The task is to verify if the given values \(x = \frac{3}{2}\) and \(x = \frac{5}{3}\) are solutions to the equation \(15 x^{-2} - 19 x^{-1} + 6 = 0\). This means substituting each value into the equation and checking if it satisfies the equation.

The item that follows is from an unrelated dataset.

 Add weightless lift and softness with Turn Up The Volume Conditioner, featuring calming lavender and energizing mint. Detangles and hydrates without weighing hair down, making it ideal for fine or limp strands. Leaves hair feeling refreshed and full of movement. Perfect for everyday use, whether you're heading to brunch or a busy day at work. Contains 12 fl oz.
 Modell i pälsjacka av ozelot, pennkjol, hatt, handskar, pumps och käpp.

Substitute \(x = \frac{3}{2}\) into the equation. First, calculate \(x^{-1}\) and \(x^{-2}\): \[ x^{-1} = \frac{1}{x} = \frac{2}{3}, \quad x^{-2} = \left(\frac{2}{3}\right)^2 = \frac{4}{9} \] Then substitute these into the equation:\[ 15 \left(\frac{4}{9}\right) - 19 \left(\frac{2}{3}\right) + 6 = 0 \]Calculate each term:\[15 \times \frac{4}{9} = \frac{60}{9} = \frac{20}{3}, \quad 19 \times \frac{2}{3} = \frac{38}{3}\]This simplifies to:\[ \frac{20}{3} - \frac{38}{3} + 6 = 0 \]\[ \frac{-18}{3} + 6 = 0 \]\[ -6 + 6 = 0 \]Thus, \(x = \frac{3}{2}\) is a solution.

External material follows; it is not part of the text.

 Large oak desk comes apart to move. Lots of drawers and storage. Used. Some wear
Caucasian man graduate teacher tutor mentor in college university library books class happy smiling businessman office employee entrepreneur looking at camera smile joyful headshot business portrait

Substitute \(x = \frac{5}{3}\) into the equation. First, calculate \(x^{-1}\) and \(x^{-2}\): \[ x^{-1} = \frac{1}{x} = \frac{3}{5}, \quad x^{-2} = \left(\frac{3}{5}\right)^2 = \frac{9}{25} \] Then substitute these into the equation:\[ 15 \left(\frac{9}{25}\right) - 19 \left(\frac{3}{5}\right) + 6 = 0 \]Calculate each term:\[15 \times \frac{9}{25} = \frac{135}{25} = \frac{27}{5}, \quad 19 \times \frac{3}{5} = \frac{57}{5}\]This simplifies to:\[ \frac{27}{5} - \frac{57}{5} + 6 = 0 \]\[ \frac{-30}{5} + 6 = 0 \]\[ -6 + 6 = 0 \]Thus, \(x = \frac{5}{3}\) is also a solution.